The block diagram which shows the principal part structure of the medical image display apparatus of 1 aspect. The figure for demonstrating the display method of the medical image by a medical image display apparatus. The figure for demonstrating an image display plane and an overlay plane. The flowchart which shows the flow of the process which CPU of a medical image display apparatus performs. The figure for demonstrating the superimposed image which concerns on 1st Embodiment. The figure which shows a mode that the some superimposed image was displayed simultaneously in the same embodiment. The figure for demonstrating the superimposed image which concerns on 2nd Embodiment. The figure which shows a mode that the some superimposed image was displayed simultaneously in the same embodiment. The figure for demonstrating the superimposed image which concerns on 3rd Embodiment. The figure which shows a mode that the some superimposed image was displayed simultaneously in the same embodiment.

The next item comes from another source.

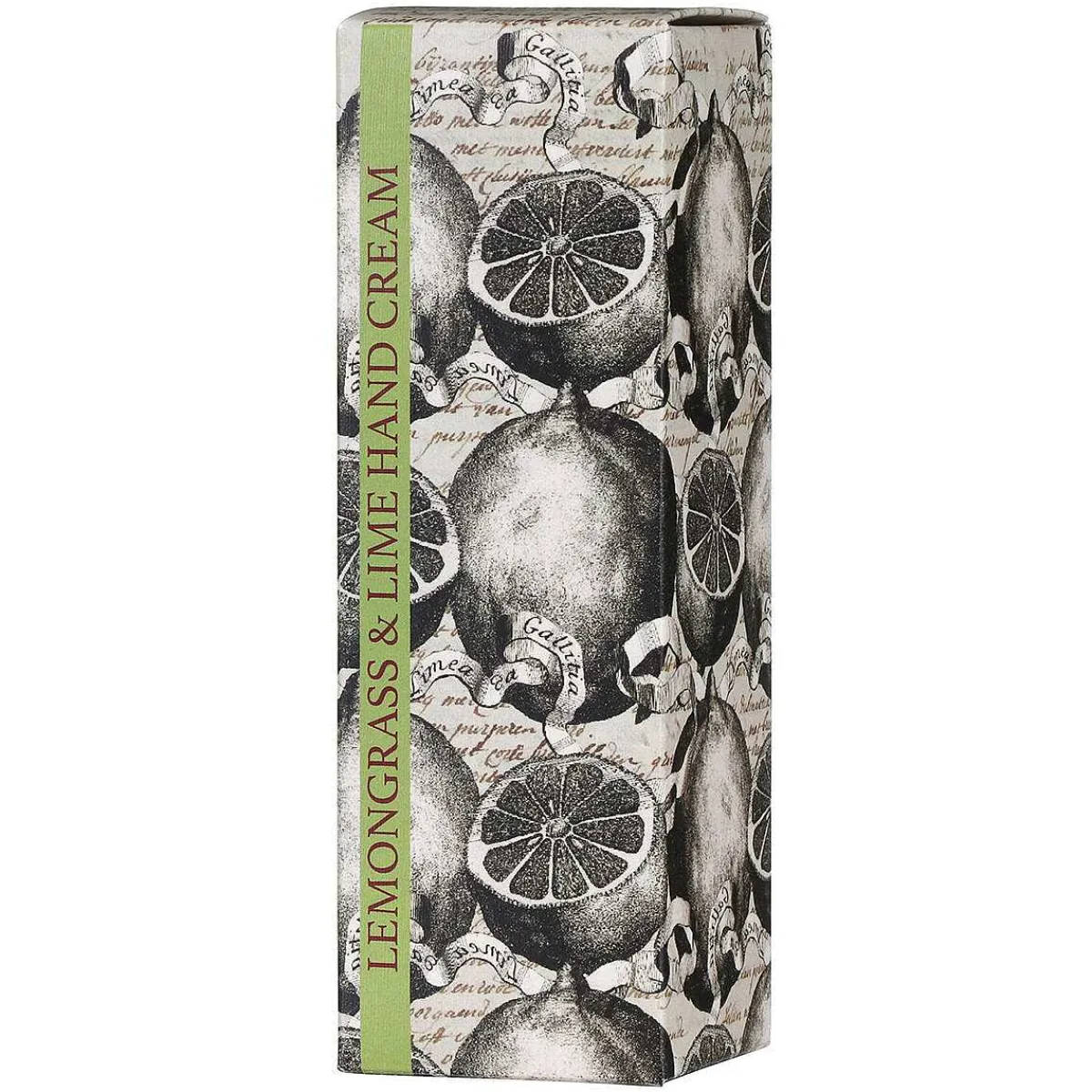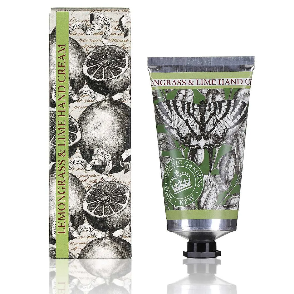 Containing Beautiful Aromas Of Lemongrass And Lime, This Scented Hand Cream Is Enriched With Aloe Vera And Vitamin E And Is A Marvellous Moisturising Solution For Hands That Need Some Love And Care. The 75Ml Tube Has A Screw Top Lid And Features A Butterfly Surrounded By Leaves On A Green Background. The Box It Comes In Compliments The Design On The Tube With Vintage Writing Style On Paper And Black And White Lemons And Limes.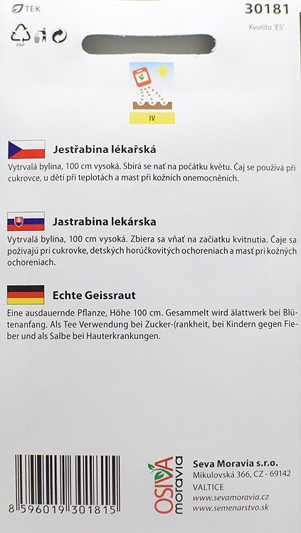 Tagy : jestřabina, lékařská, semena, pěstování, zahradnictví, léčivé rostliny, Osiva Moravia

Hereinafter, some embodiments will be described with reference to the drawings.
First, a configuration common to the embodiments will be described. FIG. 1 is a block diagram showing a main part configuration of the medical image display apparatus 1. The medical image display apparatus 1 may be any type of apparatus such as a console such as an X-ray CT apparatus or an MRI apparatus, a main body of an ultrasonic diagnostic apparatus, a workstation, or a tablet terminal.

  The medical image display apparatus 1 includes a CPU (Central Processing Unit) 10 that functions as a control center, a memory 12 connected to the CPU 10 via a bus line 11, a communication device 13, an auxiliary storage device 14, and a display device. 15 and an input device 16.

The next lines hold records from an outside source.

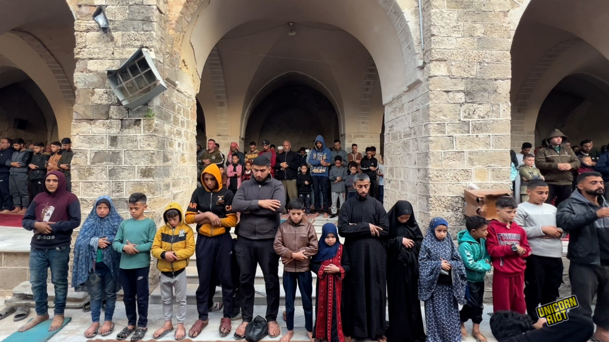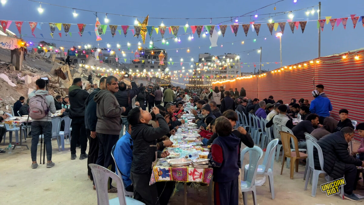 Gaza, Palestine — For Palestinians in the bombarded Gaza Strip, the holy month of Ramadan was stained by genocidal acts perpetrated by Israeli forces for the second year in a row. In attempts to understand those continuing to practice their faith whilst surviving horrors, Unicorn Riot heard from several people at several Ramadan events in Gaza, including Gaza City and Khan Younis.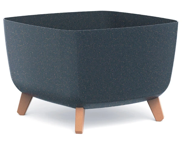 Donica kwadratowa na nóżkach jest wykonana z tworzywa z domieszką drewna, dzięki czemu jej powierzchnia ma ziarnistą strukturę. Donica niska sprawdzi się w uprawie roślin o rozwiniętym, płytkim systemie korzeniowym. Doniczka posiada wewnętrzną, perforowaną wkładkę drenażową, która zapewnia odpływ nadmiaru wody.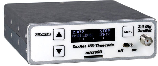 The IFB300 is a ZaxNet transmitter that sends high-quality, fully encrypted IFB audio, timecode, and remote control commands to Zaxcom Digital Recording Wireless transmitters and ERX receivers. The signals are carried on a single RF channel ocer 2.4 GHz which can be used license-free in almost any country.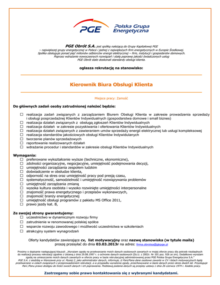PGE Obrót S.A. jest spółką należącą do Grupy Kapitałowej PGE – największej grupy energetycznej w Polsce i jednej z największych firm energetycznych w Europie Środkowej. Spółka obsługuje ponad pięć milionów odbiorców energii elektrycznej – firm, instytucji i gospodarstw domowych. Poprzez wdrażanie nowoczesnych rozwiązań i stałą poprawę jakości świadczonych usług PGE Obrót stale doskonali standardy obsługi klienta. ogłasza rekrutację na stanowisko: _______________________________________________________________ Kierownik Biura Obsługi Klienta _______________________________________________________________ Miejsce pracy: Zamość Do głównych zadań osoby zatrudnionej należeć będzie: realizacja zadań związanych z zarządzaniem Biurem Obsługi Klienta w zakresie prowadzenia sprzedaży i obsługi posprzedażnej Klientów Indywidualnych (gospodarstwa domowe i small biznes) realizacja działań związanych z obsługą zgłoszeń Klientów Indywidualnych realizacja działań w zakresie pozyskiwania i ofertowania Klientów Indywidualnych realizacja działań związanych z zawieraniem umów sprzedaży energii elektrycznej lub usługi kompleksowej realizacja standardów jakościowych obsługi Klientów Indywidulanych tworzenie planów sprzedażowych raportowanie realizowanych działań wdrażanie procedur i standardów w zakresie obsługi Klientów Indywidualnych Wymagania: preferowane wykształcenie wyższe (techniczne, ekonomiczne), zdolności organizacyjne, negocjacyjne, umiejętność podejmowania decyzji, umiejętności zarządzania zespołem ludzkim doświadczenie w obsłudze klienta, odporność na stres oraz umiejętność pracy pod presją czasu, systematyczność, samodzielność i umiejętność rozwiązywania problemów umiejętność zarządzania zmianą wysoka kultura osobista i wysoko rozwinięte umiejętności interpersonalne znajomość prawa energetycznego i przepisów wykonawczych, znajomość branży energetycznej umiejętność obsługi programów z pakietu MS Office 2011, prawo jazdy kat. B, Ze swojej strony gwarantujemy: uczestnictwo w dynamicznym rozwoju firmy zatrudnienie w renomowanej polskiej spółce wsparcie rozwoju zawodowego i możliwość uczestnictwa w szkoleniach atrakcyjny system wynagrodzeń Oferty kandydatów zawierające cv, list motywacyjny oraz nazwę stanowiska (w tytule maila) proszę przesyłać do dnia 03.03.2013r na adres: [email protected] Prosimy o dopisanie następującej klauzuli: „Wyrażam zgodę na przetwarzanie moich danych osobowych zawartych w mojej ofercie pracy dla potrzeb niezbędnych do realizacji procesu rekrutacji zgodnie z Ustawą z dnia 29.08.1997 r. o ochronie danych osobowych (Dz.U. z 2002r. Nr 101 poz. 926 ze zm). Dodatkowo wyrażam zgodę na umieszczenie moich danych zawartych w ofercie pracy w bazie rekrutacyjnej administrowanej przez PGE Polska Grupa Energetyczna S.A.” PGE S.A. z siedzibą w Warszawie przy ul. Mysiej 2, jako administrator danych, informuje, iż Pani/Pana dane osobowe zawarte w CV i listach motywacyjnych będą przetwarzane w celach związanych z przeprowadzeniem rekrutacji, a w przypadku wyrażenia zgody, przechowywane w bazie danych przez okres dwóch lat. Przysługuje Pani /Panu prawo dostępu do treści swoich danych i ich poprawiania. Podstawą podania danych są przepisy ustawy z dnia 26 czerwca 1974 r. Kodeks pracy. Zastrzegamy sobie prawo kontaktowania się z wybranymi kandydatami.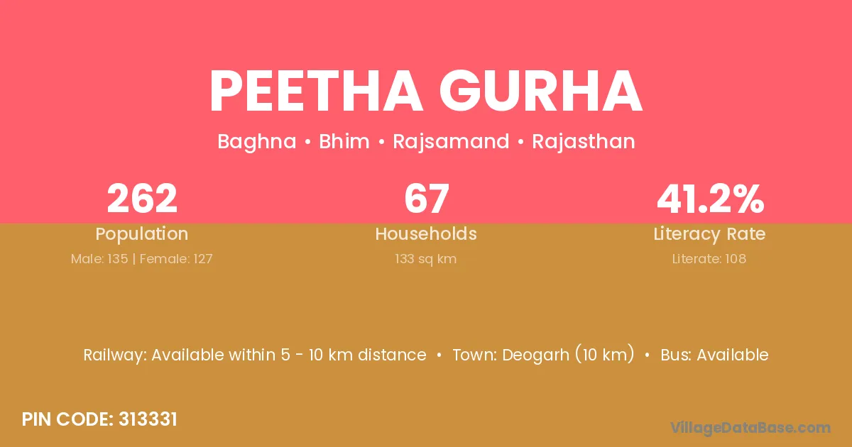 Peetha Gurha village has a total population of 262 people, of which 135 are males and 127 are females.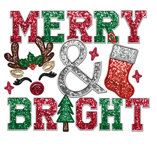 "Celebrate the season with this festive 'Merry & Bright' design featuring glittery letters, a Christmas tree, and playful decorations!"dtf regular iron

  The memory 12 is a ROM (Read Only Memory) or a RAM (Random Access Memory), and functions as a main memory of the medical image display apparatus 1. The memory 12 stores in advance a computer program to be executed by the CPU 10.

  The communication device 13 transmits and receives various data to and from a host system such as a PACS (Picture Archiving and Communication System) system and peripheral devices. Communication between the communication device 13 and the host system or the like is performed, for example, according to a protocol conforming to the DICOM (Digital Imaging and Communication in Medicine) standard.

  The auxiliary storage device 14 is a mass storage device such as an HDD (Hard Disk Drive) or an SSD (Solid State Drive). The auxiliary storage device 14 has a medical image DB (Data Base) 20 for storing medical image data. The medical image data stored in the medical image DB 20 is, for example, tomographic image data, volume data, PET (Positron Emission Tomography) apparatus or SPECT (Single Photon Emission Computed Tomography) generated by an X-ray CT apparatus or an MRI apparatus. The functional image data of the subject generated by the apparatus, the ultrasonic image data of the subject generated by the ultrasonic diagnostic apparatus, and the like.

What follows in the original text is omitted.